Gemma Larkin of Walshtown, Lusk, Co Dublin, a member of the Nevitt Lusk Action Group (NLAG), is seeking a review of the decision by the Environmental Protection Agency (EPA) in May this year to grant a licence for the landfill site.
The 300,000-tonne capacity landfill site, in which an estimated one-sixth of the State’s waste is to be dumped, is subject to more than 250 conditions relating to environment management operation, control and monitoring.
It was one of the most contested developments in Irish planning history, and the EPA held two public hearings about the site. The action group has already referred the agency’s decision to the European Commission and the European Petitions committee.
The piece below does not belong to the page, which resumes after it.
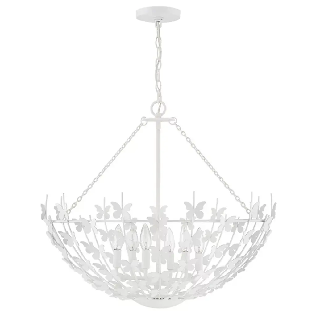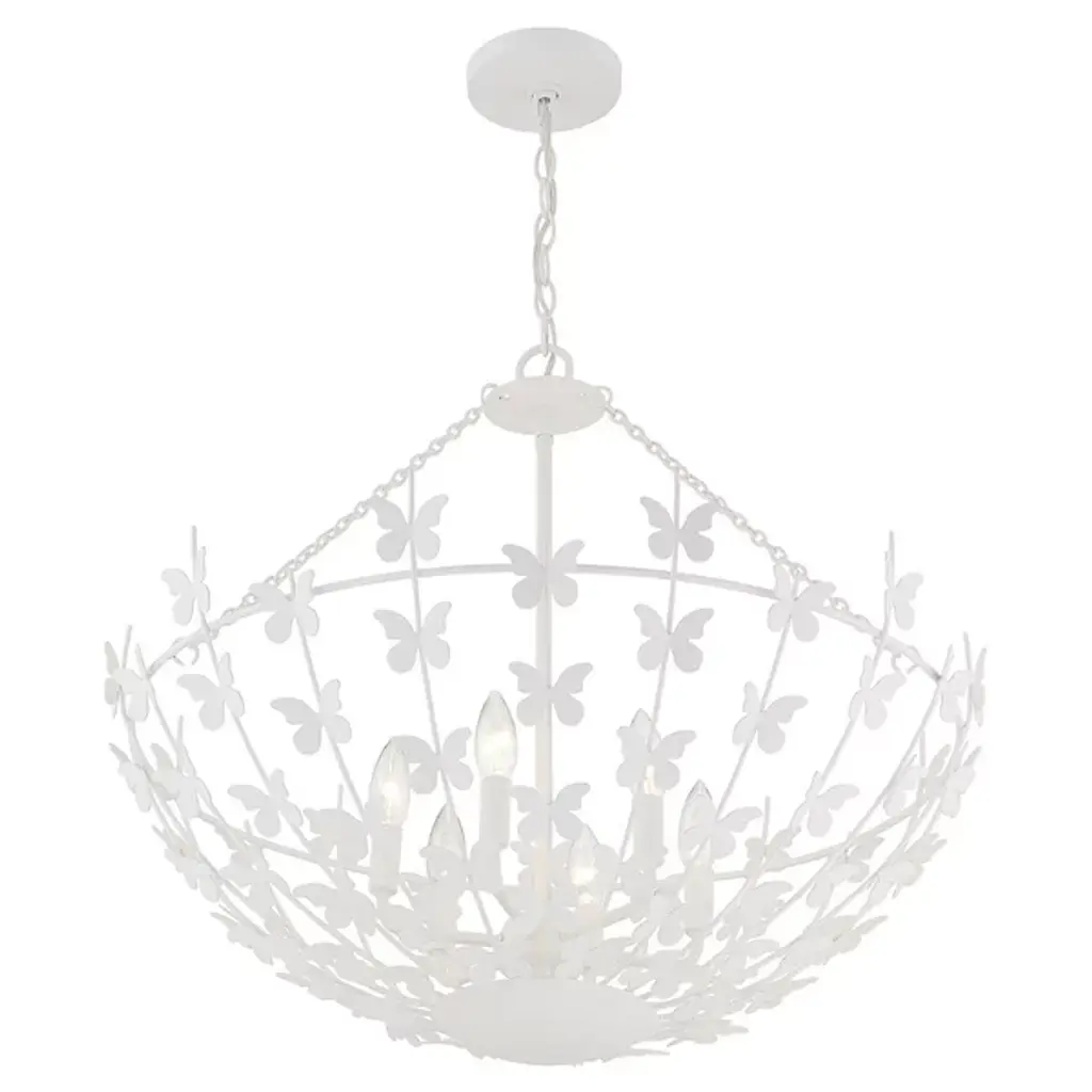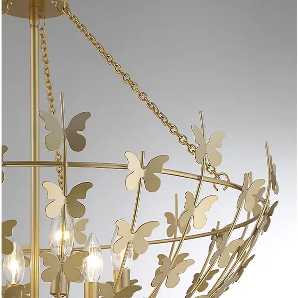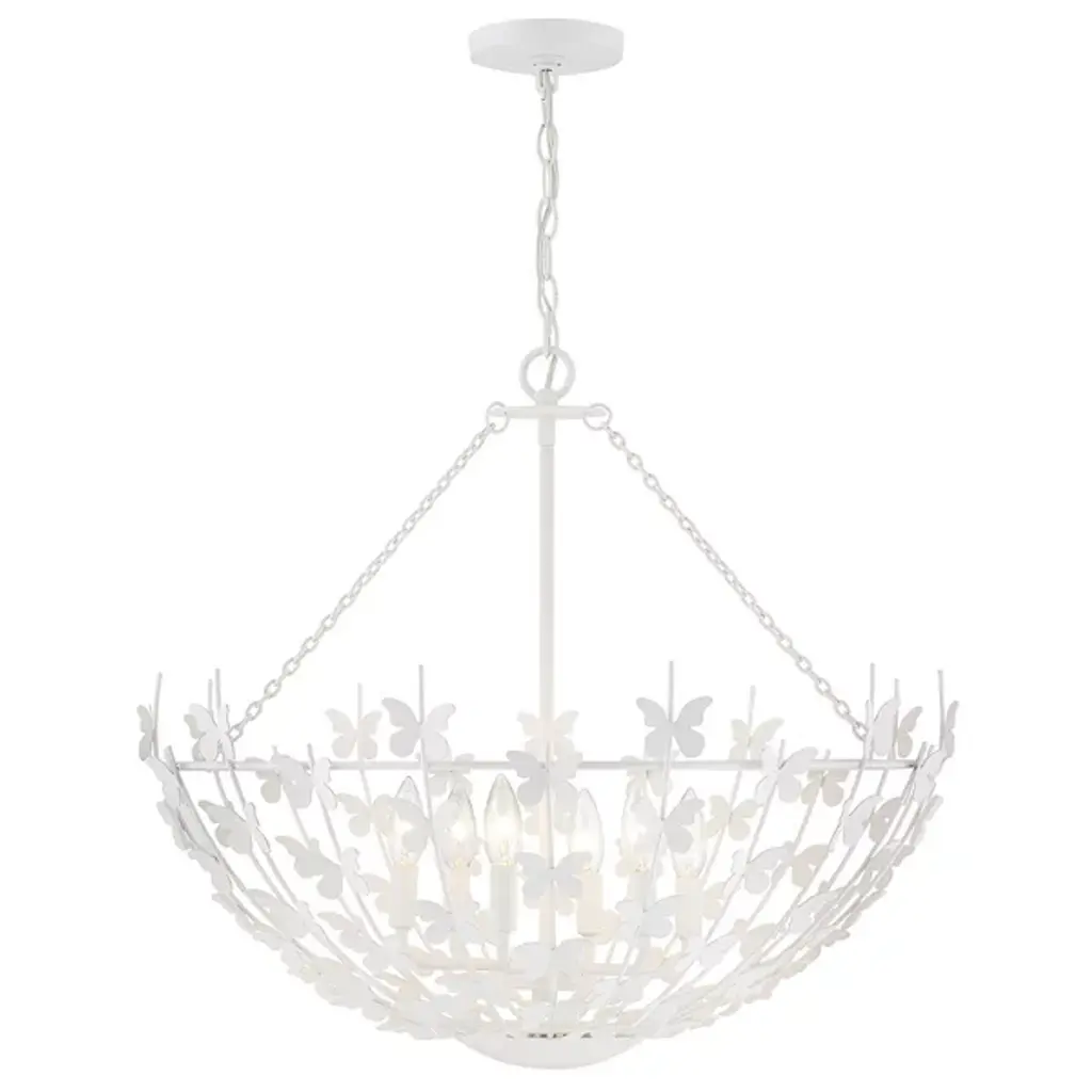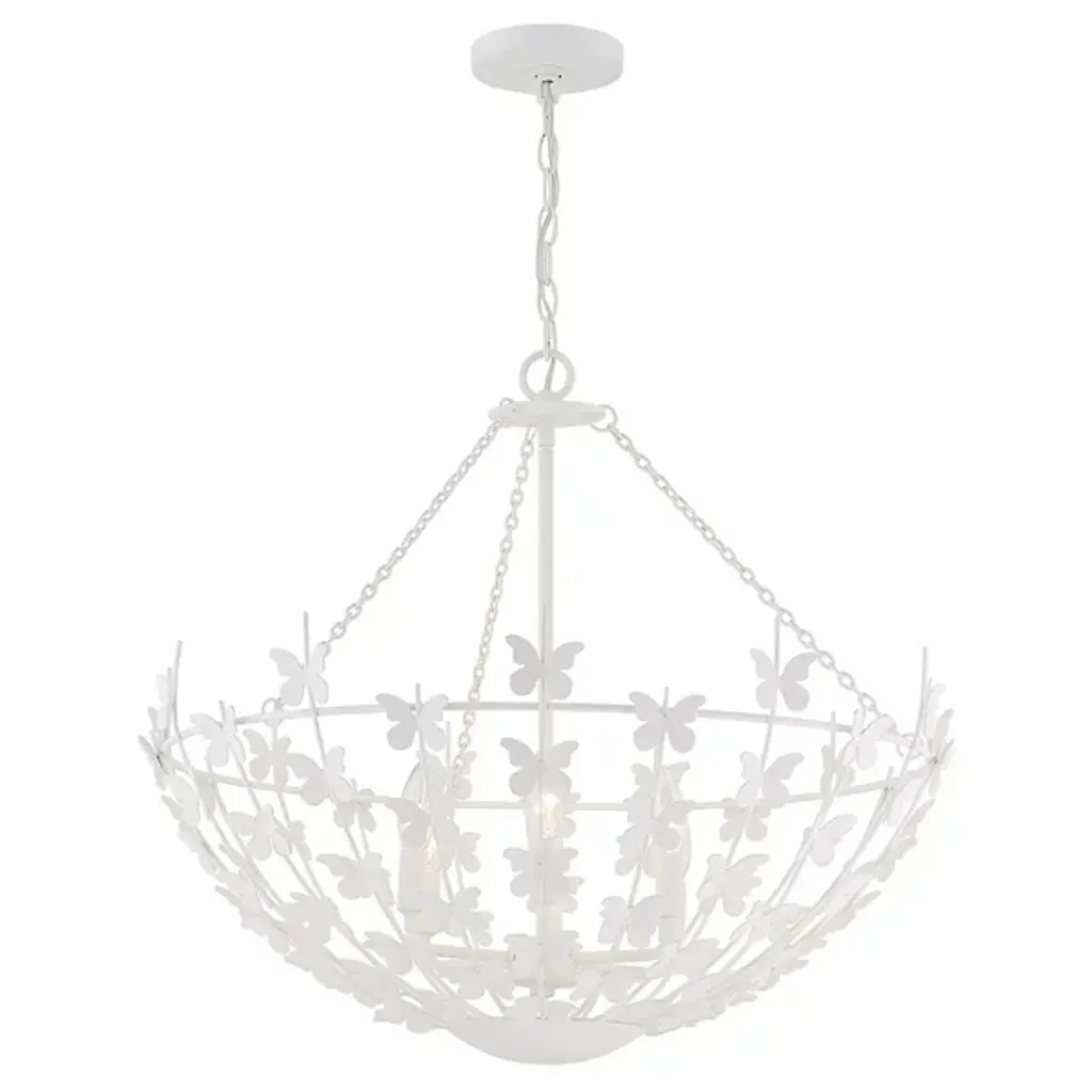 Let your décor take wing with the whimsical and visually intriguing Birch Pendant from Savoy House. An open metal bowl adorned with charming rows of burnished butterflies surrounds candelabra lamping suspended from a central stem and accented by three fine linked chains. The whimsical butterfly accents lend an artistic touch, creating a sense of movement while allowing light to filter through the airy design, ideal for vintage or boho spaces.
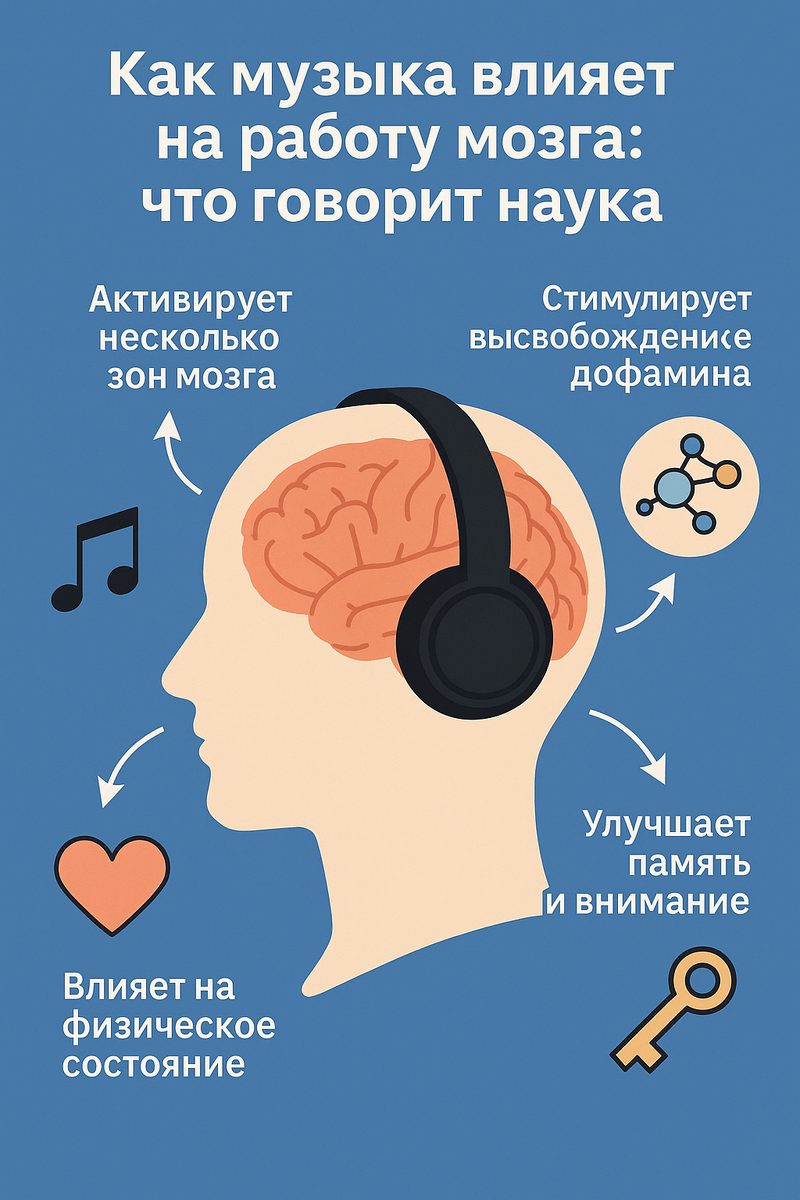 Музыка сопровождает нас везде — от утреннего будильника до вечерних плейлистов перед сном. Но за привычным мелодичным фоном скрывается мощный инструмент, который влияет на эмоции, память, внимание и даже физическое состояние. Давайте разберёмся, что происходит в мозге, когда мы слушаем музыку. В отличие от речи, которая обрабатывается в основном в левом полушарии, музыка «поджигает» сразу целую сеть областей — слуховую кору, моторную кору, гиппокамп, миндалину и даже зоны, связанные с дофамином. Исследования с помощью МРТ показывают, что любимая музыка вызывает выброс дофамина — нейромедиатора «радости». Это объясняет, почему любимый трек может поднять настроение или вдохновить. Музыкальная терапия активно применяется для людей с болезнью Альцгеймера: знакомые мелодии помогают им вспоминать события, имена и лица. А у студентов фоновая спокойная музыка может улучшать концентрацию (но только при низком уровне громкости). Ритмичные треки помогают бегунам дольше сохранять темп, а медленны

Papers are to be lodged today with the High Court, while the EPA, Fingal County Council and the Department of Environment, as notice parties to the case, have been informed of the application, being made on four grounds.
Ms Larkin said the licence granted contravenes the EU ground-water directive and would destroy ground-water in the area, a major horticulture location.
The applicant also says “bottom ash” – the residue after incineration from the Poolbeg incinerator complex at Ringsend – will be exported to Fingal. Ms Larkin claimed the original intention was to temporarily store bottom ash at Lusk and treat it to make it safe.
She claimed bottom ash from incineration has never been landfilled before and requires a strategic environmental assessment, but that there had been no investigations or examinations, and no review had been made of how it would be transported or what environmental effect that transportation would have.
Ms Larkin also claims the existing landfill site at Lusk is unauthorised and has not been properly remediated for use as landfill.
The applicant also alleges that the Aarhaus Convention, which obliges member states to allow citizens access to justice at reasonable cost, has not been implemented through legislation by the State. Ms Larkin said the convention allows concerned citizens to take legal action at reasonable cost, but such cases in Ireland can take years and cost millions.
Provision is being made to allow citizens to bring proceedings on issues of public interest where they would not face paying the State’s charges if they lost, but would still have to pay their own costs.